Material provided =
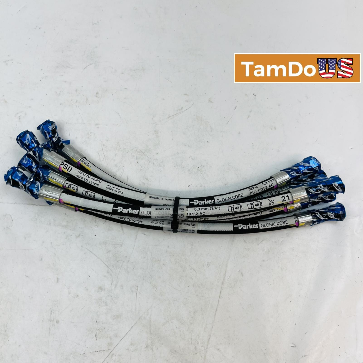 This lot includes 6 new Parker 387-4 hydraulic hose assemblies, each rated for 3000 PSI. Ideal for heavy-duty applications in various industries.
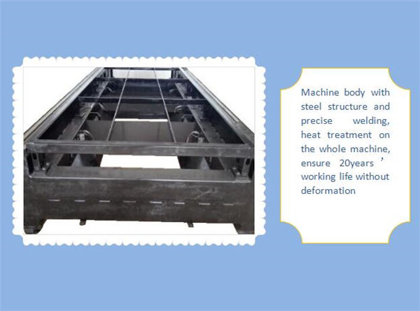 1. Нашето машинско тело со челична конструкција од 8мм, термичка обработка од 600,, прецизно заварување, за да се осигураме 20 години употреба без деформација.
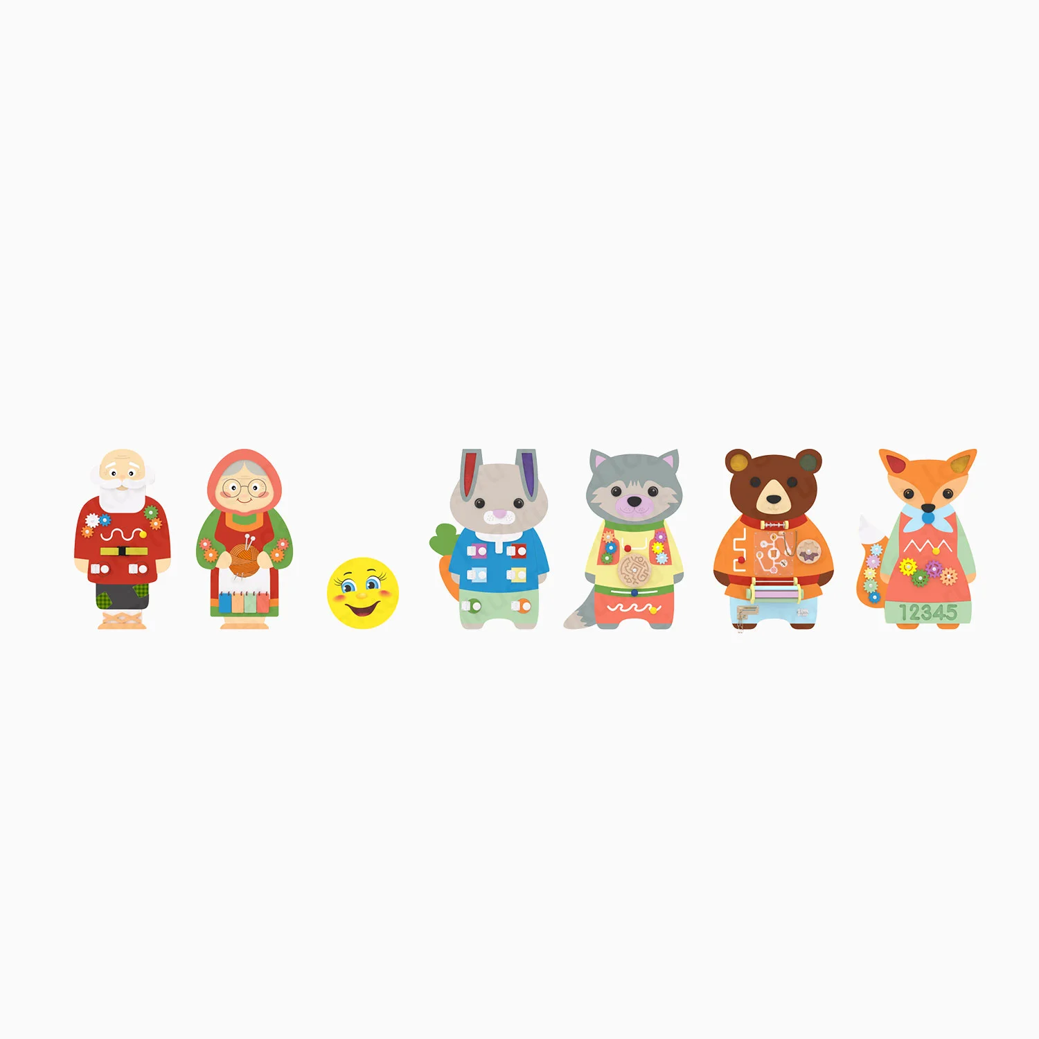 - Состав набора: 7 бизибордов — герои и объекты сказки «Колобок»
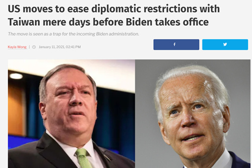 香港新聞網1月12日電 當地時間1月10日,美國國務卿蓬佩奧宣布“解除‘美台關系’中的自我限制”。這件在外媒看來明顯是一出小把戲的事,到了台當局這裏卻成了“美台”關系中的“大事”。 華盛頓智庫高級顧問:為什麽4年前不這麽做? 11日,美國網站Mothership援引華盛頓智庫“戰略與國際研究中心”高級顧問葛來儀的話稱,對於特朗普政府在卸任前最後幾天做出的決定,拜登政府很可能不會贊成。 葛來儀本人還發推表示,...
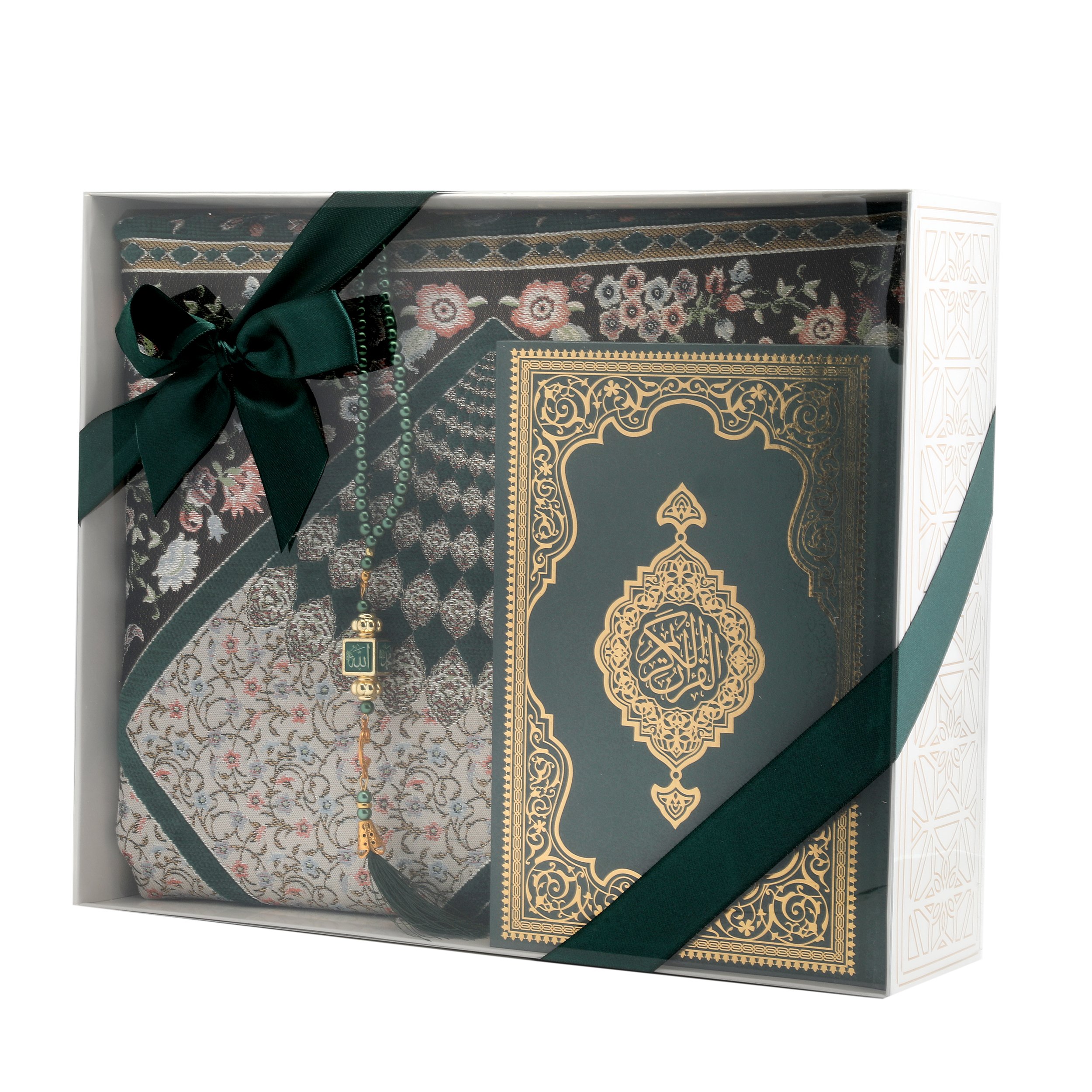 Hediyelik Seccade Kuran-ı Kerim Tesbih Seti Yeşil

How to complete this task = Restate the listing above word for word and skip each picture.

Solution =
 This lot includes 6 new Parker 387-4 hydraulic hose assemblies, each rated for 3000 PSI. Ideal for heavy-duty applications in various industries.
 1. Нашето машинско тело со челична конструкција од 8мм, термичка обработка од 600,, прецизно заварување, за да се осигураме 20 години употреба без деформација.
 - Состав набора: 7 бизибордов — герои и объекты сказки «Колобок»
 香港新聞網1月12日電 當地時間1月10日,美國國務卿蓬佩奧宣布“解除‘美台關系’中的自我限制”。這件在外媒看來明顯是一出小把戲的事,到了台當局這裏卻成了“美台”關系中的“大事”。 華盛頓智庫高級顧問:為什麽4年前不這麽做? 11日,美國網站Mothership援引華盛頓智庫“戰略與國際研究中心”高級顧問葛來儀的話稱,對於特朗普政府在卸任前最後幾天做出的決定,拜登政府很可能不會贊成。 葛來儀本人還發推表示,...
 Hediyelik Seccade Kuran-ı Kerim Tesbih Seti Yeşil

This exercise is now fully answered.